In the time between arrest and conviction everyone tried to figure out why. Why he would commit patricide, kill the father he loved all his life? Just like that? They'd been fishing just the weekend before. What could make him turn?

His defense team figured it out.

He was a "Forceps Baby".
Today, if he was delivered the same way, one might have a case for medical malpractice.

But back then, no one knew that when he was born... and babies were stuck in the womb...
the forceps doctors used and placed on the frontal lobe of the babies' soft skulls while pulling them out of the birth canal caused brain damage. Brain damage that usually did not reveal itself until those babies became young men and women with a simmering brain injury that turned into a rolling boil.

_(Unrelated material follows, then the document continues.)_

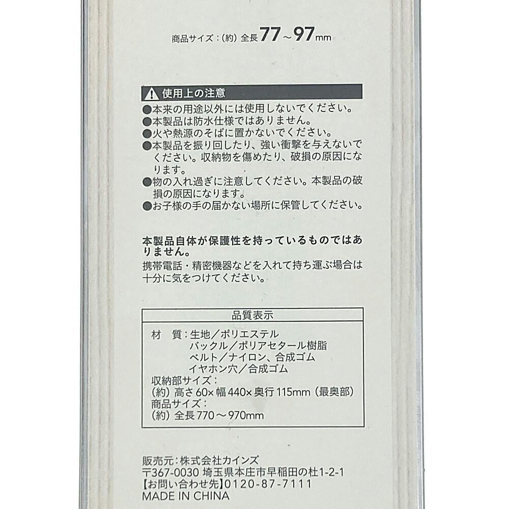 ●生地/ポリエステル ●バックル/ポリアセタール樹脂 ●ベルト/ナイロン、合成ゴム ●イヤホン穴/合成ゴム

Typically, when those forceps babies became adults in their late twenties, thirties they developed or exhibited a sort of latent schizophrenia that manifested itself in violence to themselves or others.

Beth's brothers defense team and the jury concurred... he was a forceps baby and that was what caused Beth's brother to snap, to kill the father he loved so much. To leave Beth an only child. To devastate her mother, who would never be the same. He was guilty by reason of insanity.

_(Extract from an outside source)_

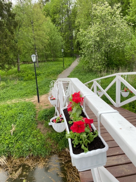 «Идея оформления арт-объектов живыми цветами в Старом парке появилась сразу же с появлением этих белых деревянных конструкций. Кашпо свисают на столбах, а цветочные ящики установлены на перильном элементе. Каждый из парковых объектов по-своему ожил, заиграл живыми красками, ухоженностью и каким-то особенным праздничным настроением. Вырастить рассаду цветов, высадить в кашпо и цветочные ящики все восприняли с энтузиазмом. Не было какой-то единой концепции, каждый для себя сам определял выбор вида растения и его цветовую гамму. В общем, кто с чем уже имел дело, тот с тем и работал», - рассказал смотритель усадьбы Спасское-Куркино Николай Сайкин.

Beth's brother may still be locked away to this day or he may be out. I do not know.
Because after that happened, Beth sent me word that she never wanted to talk to to me again. Not because she was mad at me, or ashamed of me. But because I was her cohort in reading true crime books. And she felt if maybe she hadn't read those books maybe things would be different.

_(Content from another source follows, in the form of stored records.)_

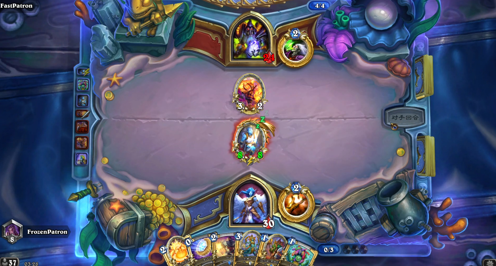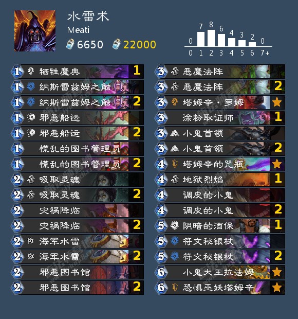 - 遇到的**术可以轻松的用这张牌配合1费的邪恶船运抽五张牌(玩过**术的老哥知道起手是会留邪恶船运的,很容易交易一次之后过5张牌),下面的实战视频里大家就会发现当术士提起符文秘银杖的时候斩杀是有多快
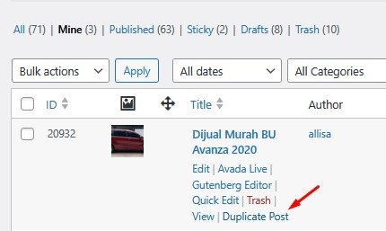 ( 1 ) Pada menu post silakan pilih “Duplicate Post” dan kemudian sistem menambahkan satu yang masih “draft” dengan nama dibelakangnya sebagai “…copy
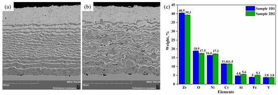 Cross-sectional BSE images of samples 1D1 (a) and 2D2 (b) with visible layered structure, as well as a histogram of the distribution of elements (Zr, O, Ni, Cr, Al, Fe, and Y) by their content in percentage (c).

I recall the countless discussion we had about why we both were so fixated on true crime cases. "Maybe we're just sick" Beth laughed.
"Maybe we just want to understand the thinking of criminals and killers so we can protect ourselves and our families," was my theory.
"Maybe we read these books, " Beth once hypothesized, "because there will be some connection to our lives."

Didn't matter why. After her brother killed her father, Beth said she could never read another true crime book. And she could never hang out with me again because I reminded her of the stories she read and then lived through. Maybe her reading of the books, she had confessed to our mutual friend the artist, had brought this on her family.

The loss of Beth's father, brother, her family and our friendship was too complex for me to wrap myself around. I honored her request and never once saw or called her again. I do not know if she even knows I am an Investigator now.

It was indeed the forceps on the baby's frontal lobed that triggered the aberrant behavior. That method of forceps use in deliveries is no longer done.
So if a doctor delivered a baby that way today... and the same results occurred... it could be considered a case for malpractice. But back then, it was standard practice.

I think the point of this post is this.

Live every day without taking it for granted. Love with your full heart. You never know when someone you love will exit the planet.

Placing blame is an after thought, it does nothing to bring a person back. It does however, help to answer the most important question asked after a life altering injury or death.
"Why?"

I know now why Beth's brother killed her father. I still don't know why Lizzie killed her dad.
And I only think I know why my beloved investigator friend died so suddenly. Because he took the pills... and every pill had side effects... and we all hope we won't be the ones that get the worst.

Medical malpractice investigations are not only hard and expensive for the attorneys to take on, they are are also hard and expensive to win.
They are incredibly complex and often the process of the investigation reveals other factors that raise questions about whether the victim contributed in some way to the downfall -- taking other medications, smoking, drinking, or having an underlying medical condition no one knew about until the injury or autopsy.

Nothing can change the fact that someone you love is dead.
What helps to soften the blow is to understand why.
And for those reasons, many people turn to investigators and personal injury attorneys, for answers.
The answers never solve the problem, they just break the questions down into a equation more fathomable to those grieving.
And then everyone does what they must.
Move on...
with one foot in the future and another stuck in the past.